Cultivating a Community
Robert Sayre: The most rewarding thing I’ve done this year and last was getting involved in the Mozilla project. It can be slow, bureaucratic, and irritating, but good stuff gets done in the end
My experience with PHP was that if you are a self-starter, you are eagerly welcomed in quickly. If you make mistakes, others will quickly correct them.
My experience with the ASF is that there is a higher barrier to entry than with PHP, but each project has people who are actively cultivating, encouraging, and mentoring new developers.
My experience with Mozilla was abysmal. Despite having a solid background in C/C++, and COM (albeit MS-COM), the existing class libraries were daunting and clearly had evolved over time; for example there are a number of different String classes.
Undeterred, I was able to find a bug I thought I could help with, find some code in another location that I could use as a template, and submit a patch that solved the problem. It got reviewed, applied, then overturned, and backed out.
So, I took the suggestion, reworked the patch to conform exactly to the suggestions.
Which was met with more objections.
So I reworked the patch a third time.
Which was met with more objections.

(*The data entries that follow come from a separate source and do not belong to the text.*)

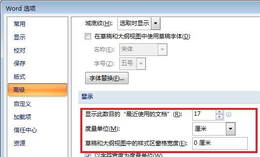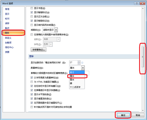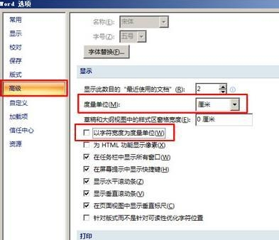 在弹出的对话框中切换到【高级】选项卡,拖动右侧滚动条拉至【显示】一栏,发现【度量单位】已经设置为厘米了,现在只需将【以字符宽度为度量单位】前的勾单击取消即可。完毕后单击【确定】。
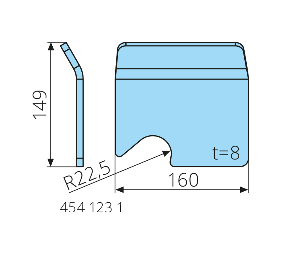 Tôle de renfort axe de préhension 149x160x8mm, gauche
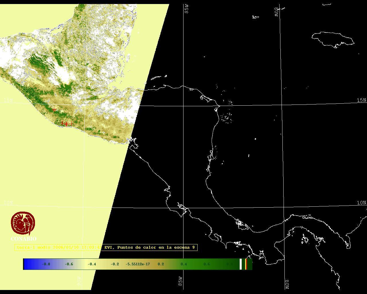 Se considera como punto de calor al elemento espacial mínimo de la imagen (pixel) que reporta una temperatura elevada. Para las imágenes diurnas la temperatura mínima considera es de 42°C y para las imágenes nocturnas es de 25°C. |
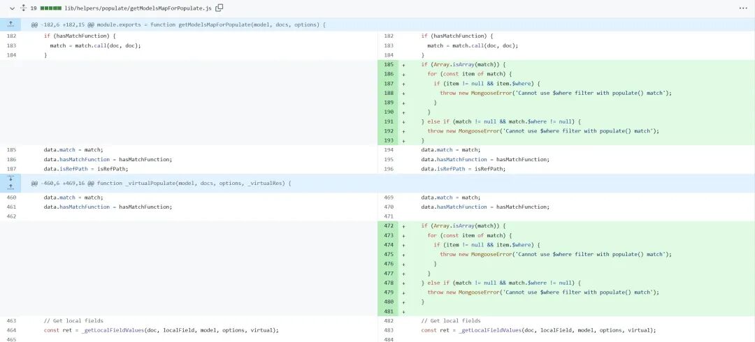 | CVE-2024-53900 | 第一次修复引入了代码来检查 match 参数是否包含 \where 操作符。代码首先判断 match 是否为数组,如果是,则遍历数组的每个元素,检查是否包含 \\where 属性;如果 match 是一个对象,则直接检查其 \where 属性。如果发现 \\where 操作符,就抛出一个 MongooseError 异常。这样可以在 populate() 查询中禁止使用 \$where 操作符,提高了安全性。但是,这种方式只能检查一层嵌套,对于更深层次的嵌套对象,可能无法完全检查到。 |
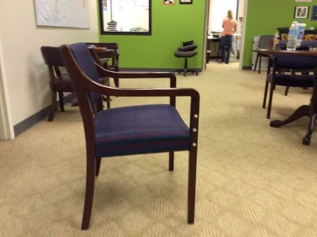 algo me cruzo mucho es una rota silla o una mesa "pie". Esto generalmente es causado por una rueda que pega y ajustar la madera como alguien trata de hacer rodar la silla. El ejemplo que tengo es tal una silla. El hombre tiene una noche de po
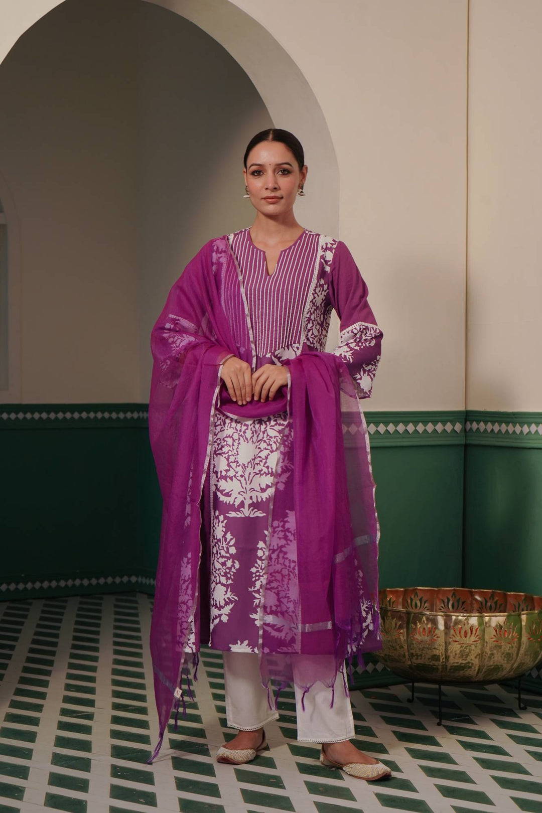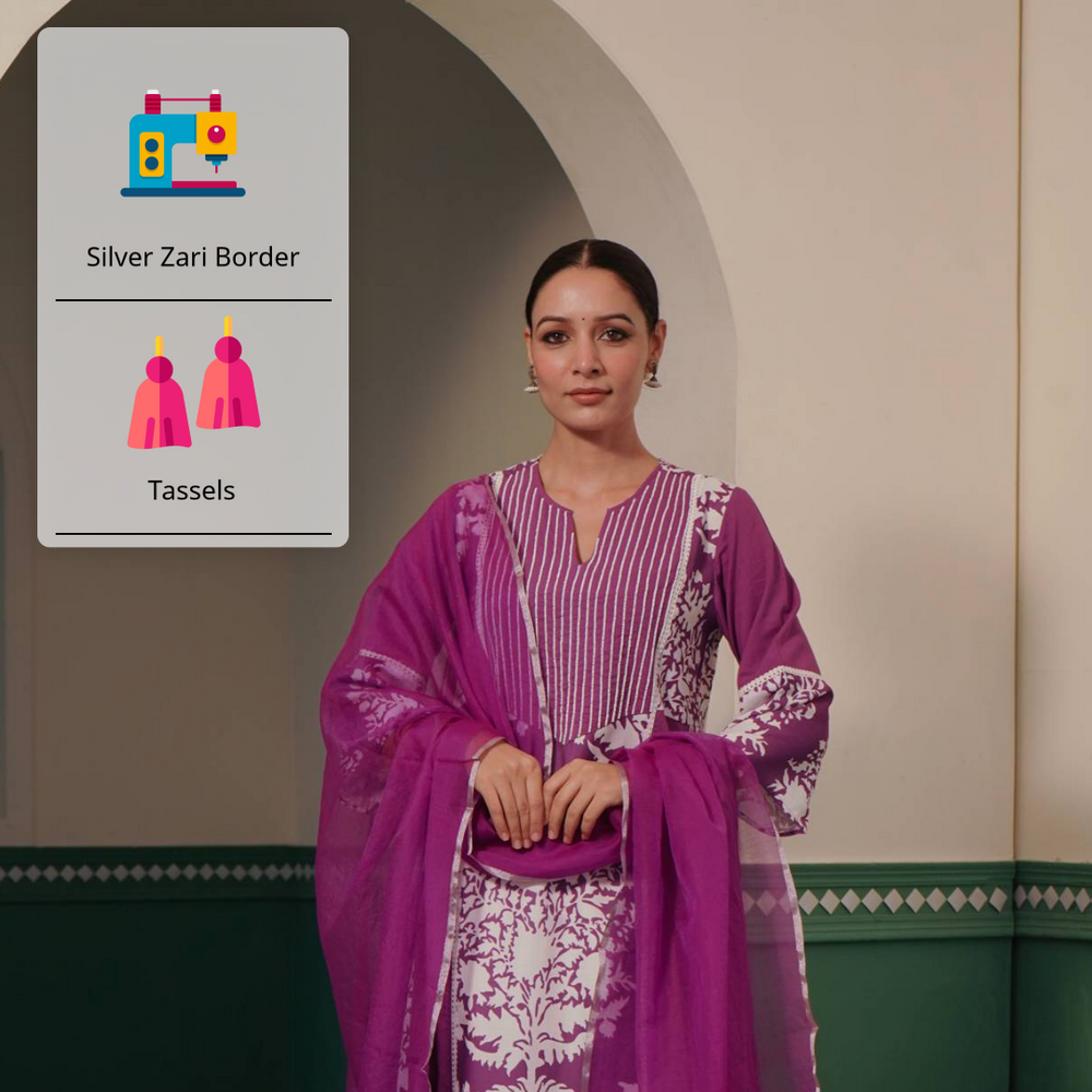 -Kurta in Violet and White Printed Fabric with panelling adding flare to the silhouette.
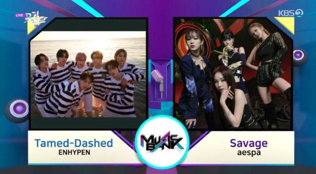 이날 1위 후보에는 엔하이픈 'Tamed-Dashed'와 에스파 'Savage'가 이름을 올렸다.
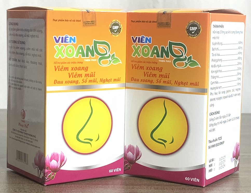 Thực phẩm bảo vệ sức khỏe Viên Xoan Thiên Phúc Hỗ trợ giảm triệu chứng của viêm xoang, viêm mũi: đau xoang, sổ mũi, nghẹt mũi.
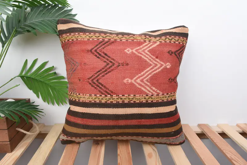 Almohada de tiro a rayas rojas y marrones, cojín bordado 18x18
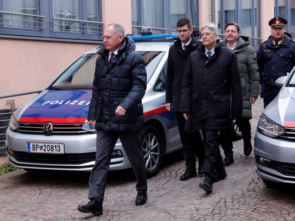 多名奧地利官員在菲拉赫市視察,並舉行記者會。(路透社)
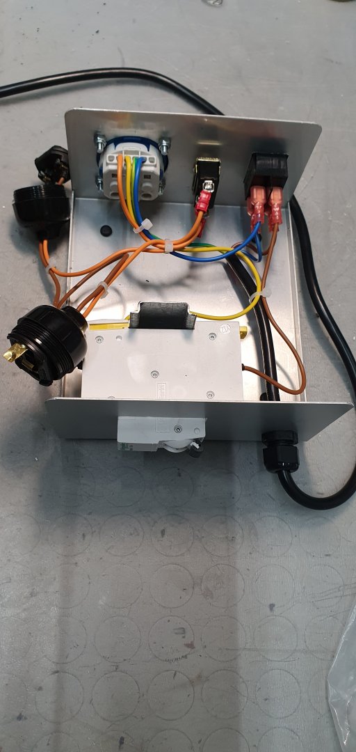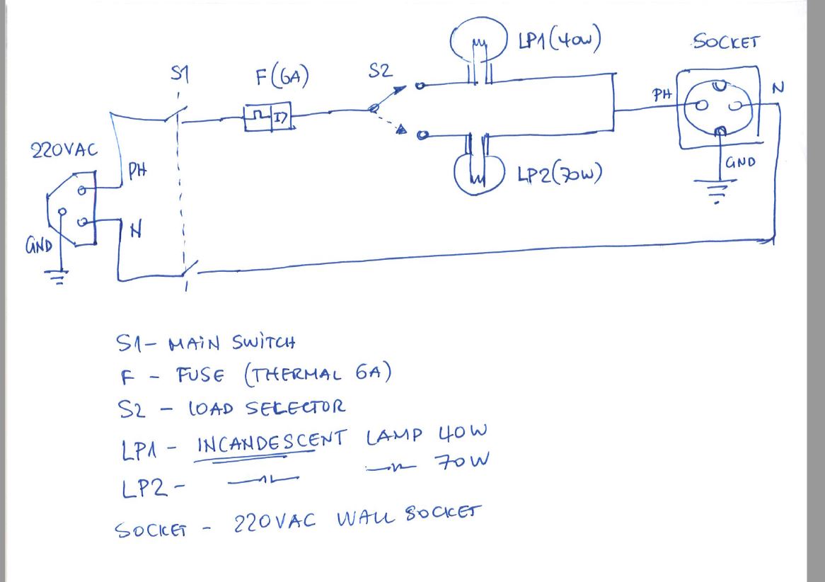 Το σχέδιο-κύκλωμα απλό, σε σειρά με την παροχή, μια λάμπα πυράκτωσης γύρω στα 70 watts. Η υλοποίηση έγινε με πιο επαγγελματικό τρόπο, προστέθηκε η επιλογή φορτίου (δηλαδή σε σειρά αντίστασης), ανάλογα με το είδος της συσκευής υπό προστασία (μεγάλης ή μικρής κατανάλωσης) και μπήκε σε ένα ωραίο κουτί με γενικό διακόπτη και ασφάλεια. Τα περισσότερα υλικά τα είχα ήδη στο εργαστήριο. Αλλά και ότι χρειάστηκε να το αγοράσω ήταν πολύ φτηνό.
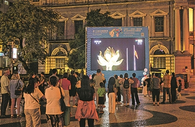 11月9日,第十五届全国运动会开幕式在广东奥林匹克体育中心举行,这是群众在澳门街头观看直播。

This time, I was asked to use a function which was not visible to this source. My experience is that changing visibility of a function tends to be an architectural change with ramifications that were beyond me to determine.
I gave up. Four months later, Robert picked up where I left off, and apparently followed the latest suggestion. Just to find out that my instincts were correct.
Bah.
I don’t think it’s just large-scale open source projects, there are a few large projects that turn out to be just fine. But for some reason, I think that the Netscape mentality still affects many Mozilla developers, and they still have a big heritage of the old times. Isn’t that why Firefox (i.e. Firebird, i.e. Pheonix) was started? Maybe because it was just easier to roll your own browser instead of having to fight with Mozilla devs.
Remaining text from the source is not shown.